The mobile computing arrangement 700 of FIG. 7 is provided as a representative example of a computing environment in which the principles of the present invention may be applied. From the description provided herein, those skilled in the art will appreciate that the present invention is equally applicable in a variety of other currently known and future mobile and landline computing environments. For example, desktop computing devices similarly include a processor, memory, a user interface, and data communication circuitry. Thus, the present invention is applicable in any known computing structure where data may be communicated via a network.

The augmented reality assisted shopping applications running on a terminal may be able to find virtual objects to display in the local environment using standard search engine techniques. For example, a search engine may be able to search for keywords from e-commerce Web pages, and find files in the formats supported by the locally running application. However, a more convenient way for a user to look for tangible objects that have associated objects for use in augmented reality assisted shopping is to provide a single front end that provides a wide variety of shopping choices, typically from multiple vendors that are all compatible with the augmented reality formats and protocols. In reference now to FIG. 8, a system 800 is illustrated that may be implemented to provide a unified augmented shopping experience according to embodiments of the invention.

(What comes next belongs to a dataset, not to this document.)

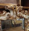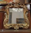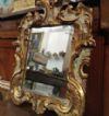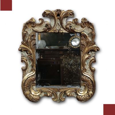 Bella specchiera di medio-piccole dimensioni, realizzata in legno intagliato e dorato con foglia d’oro, e dipinto a finto marmo. La cornice presenta riccioli vegetali che conferiscono un tocco di raffinatezza e classe all’oggetto. Lo specchio è in buone condizioni e conserva la sua originalità, mentre il fondo a protezione della specchiera è di epoca successiva. Questa specchiera di grande eleganza è in grado di arricchire con gusto qualsiasi ambiente. Si tratta di una manifattura marchigiana (Italia centrale) risalente al periodo Luigi XIV, alla fine del XVII secolo.

Generally, the system 800 may provide an enhanced virtual shopping experience for user with specialized client applications 802. These applications 802 may be built on existing application frameworks (e.g., browsers, multimedia software) or be custom tailored applications. Generally, the client applications 802 may include an image capture function 804 to obtain real-time or near-real-time images of the local environment in which tangible items are to be simulated. A user interface (UI) 806 provides access to image capture functions 804 (including display of captured and composite images), as well as allowing the user to search for and select objects for simulation in the environment. An environmental sensing module 808 provides data describing distances and locations in the local environment. This data may be used by a 3-D rendering module 809 that processes modeling data and facilitates rendering of the models via the UI 806.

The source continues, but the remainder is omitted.